Task to complete =
The needed output is the run of lines below from the one containing "Vidaxl Zunanji zajčnik" through the one containing "Lagt fram erindi", copied exactly and free of pictures.

Data =
# # # # # # #
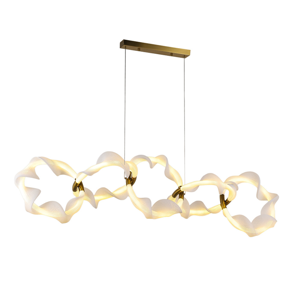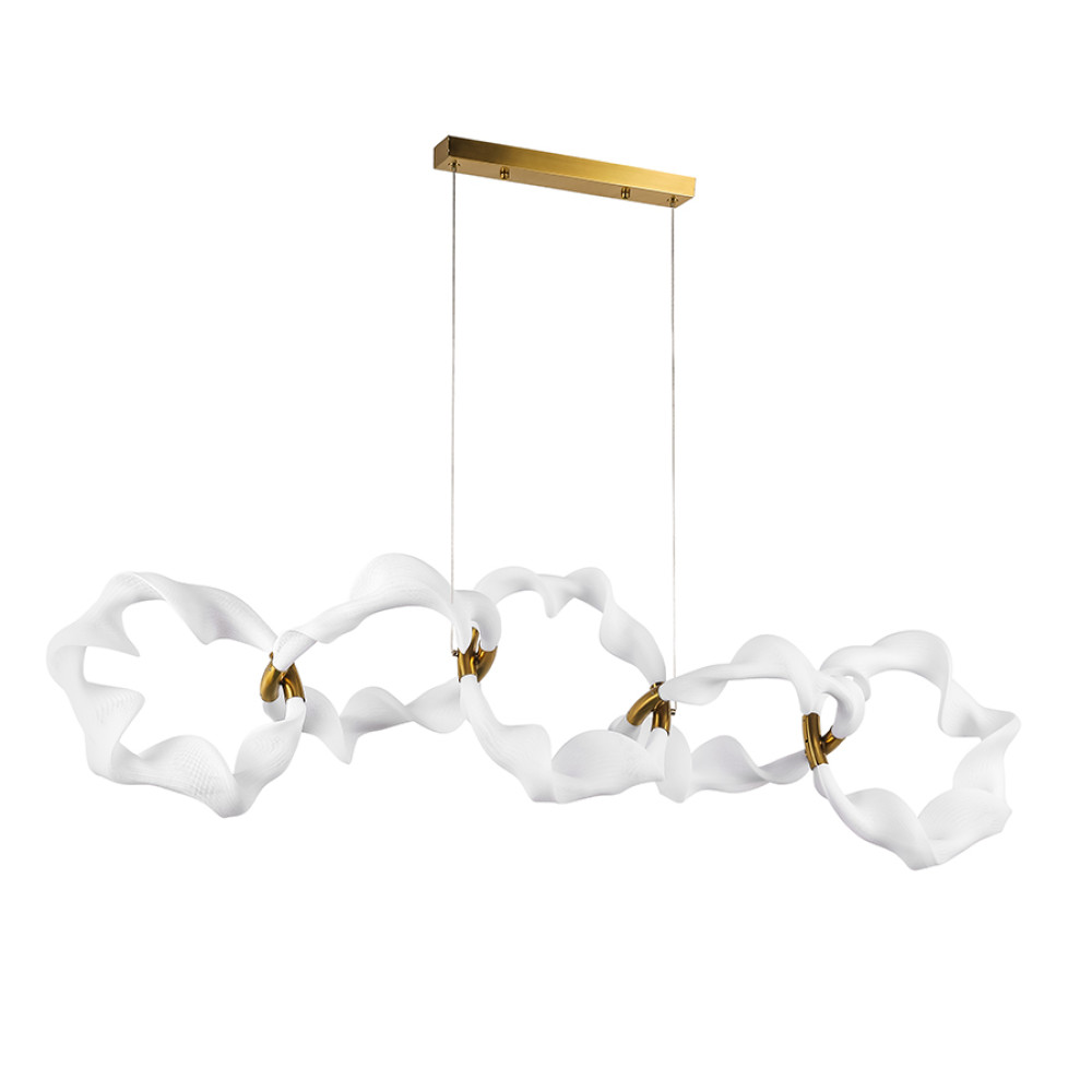 Декоративна світлодіодна люстра в сучасному стилі на п'ять джерел світла. Незвичайний дизайн люстри представляє собою підвісну горизонтальну конструкцію у вигляді ланцюжка з п'яти жорстко з'єднаних LED-кілець з білим абажуром і бронзовою фурнітурою.
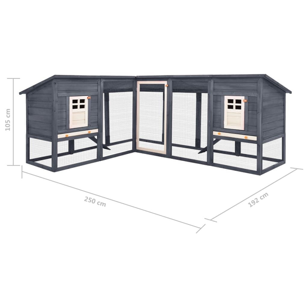 Vidaxl Zunanji zajčnik z izhodom siv in bel les jelke
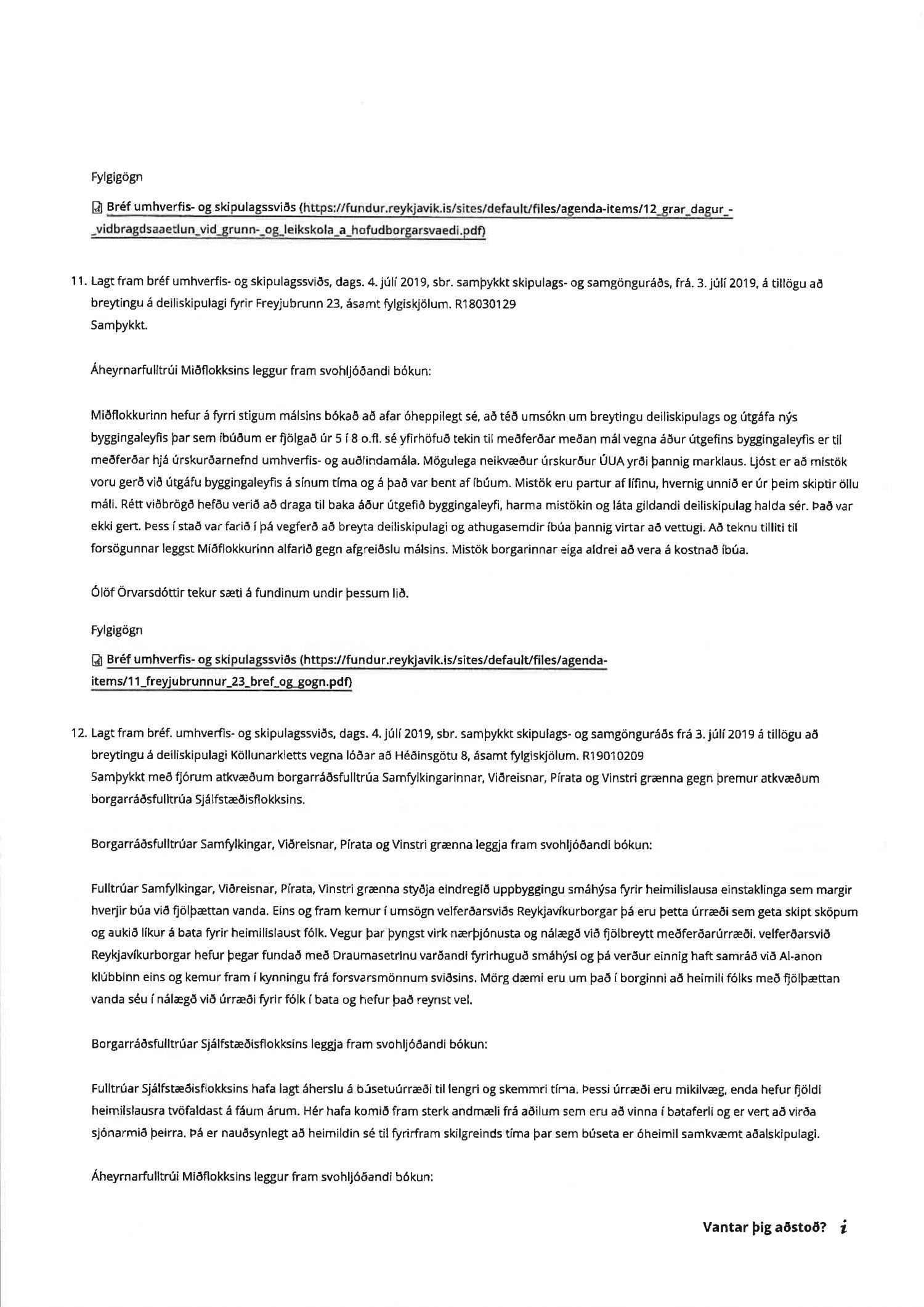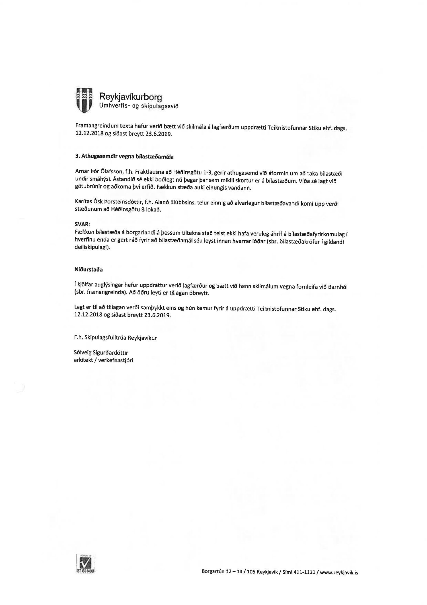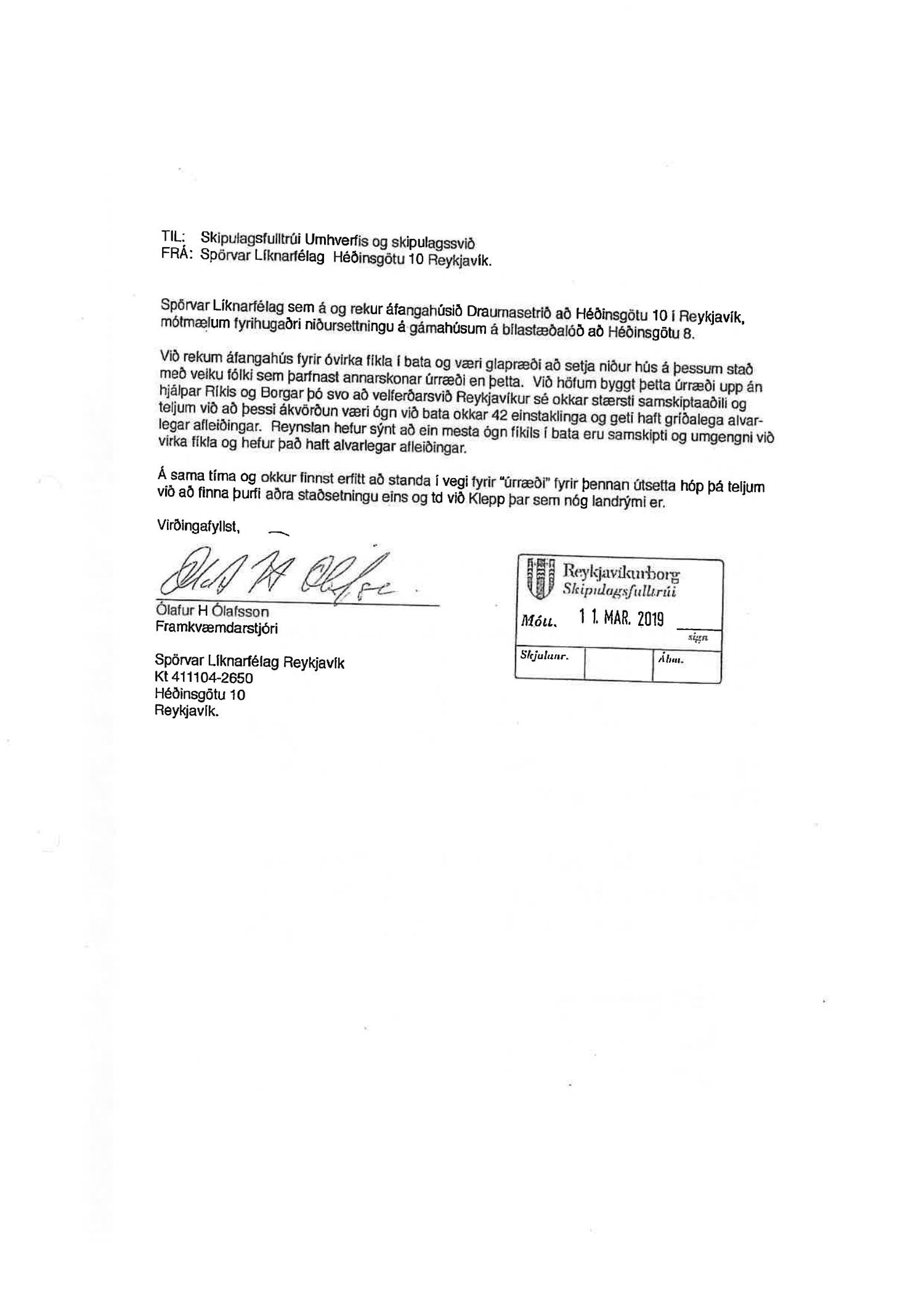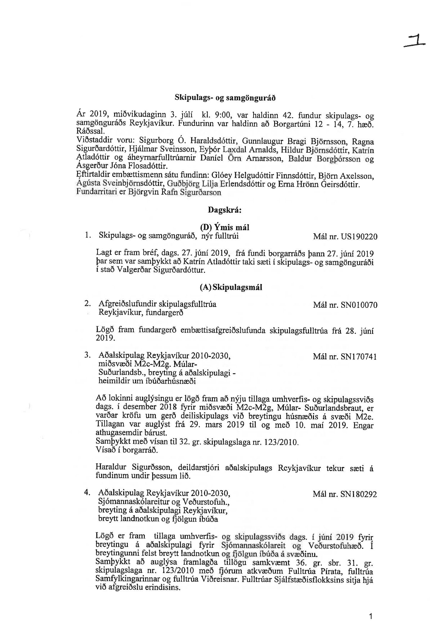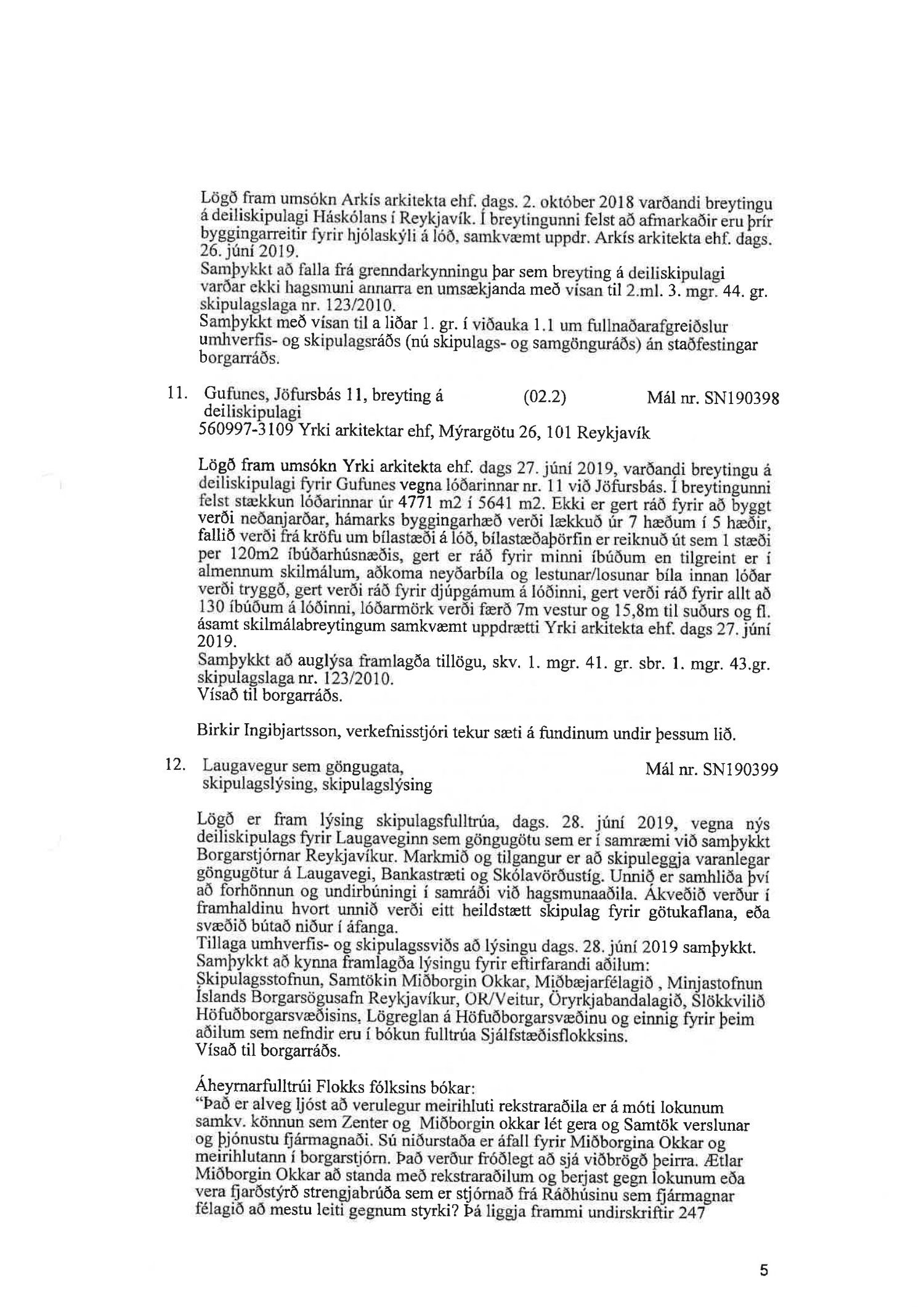 Lagt fram erindi úrskurðarnefndar umhverfis- og auðlindamála dags. 16. ágúst 2019 ásamt kæru dags. 15. ágúst 2019 þar sem kærð er samþykkt skipulags- og samgönguráðs frá 3. júlí 2019 á tillögu að breytingu á deiliskipulagi Köllunarkletts. Einnig er lögð fram umsögn skrifstofu sviðsstjóra dags. 28. október 2019.
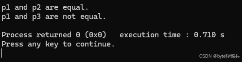 std::cout << "p1 and p3 are not equal." << std::endl;
# # # # # # #
Result of the exercise =
 Vidaxl Zunanji zajčnik z izhodom siv in bel les jelke
 Lagt fram erindi úrskurðarnefndar umhverfis- og auðlindamála dags. 16. ágúst 2019 ásamt kæru dags. 15. ágúst 2019 þar sem kærð er samþykkt skipulags- og samgönguráðs frá 3. júlí 2019 á tillögu að breytingu á deiliskipulagi Köllunarkletts. Einnig er lögð fram umsögn skrifstofu sviðsstjóra dags. 28. október 2019.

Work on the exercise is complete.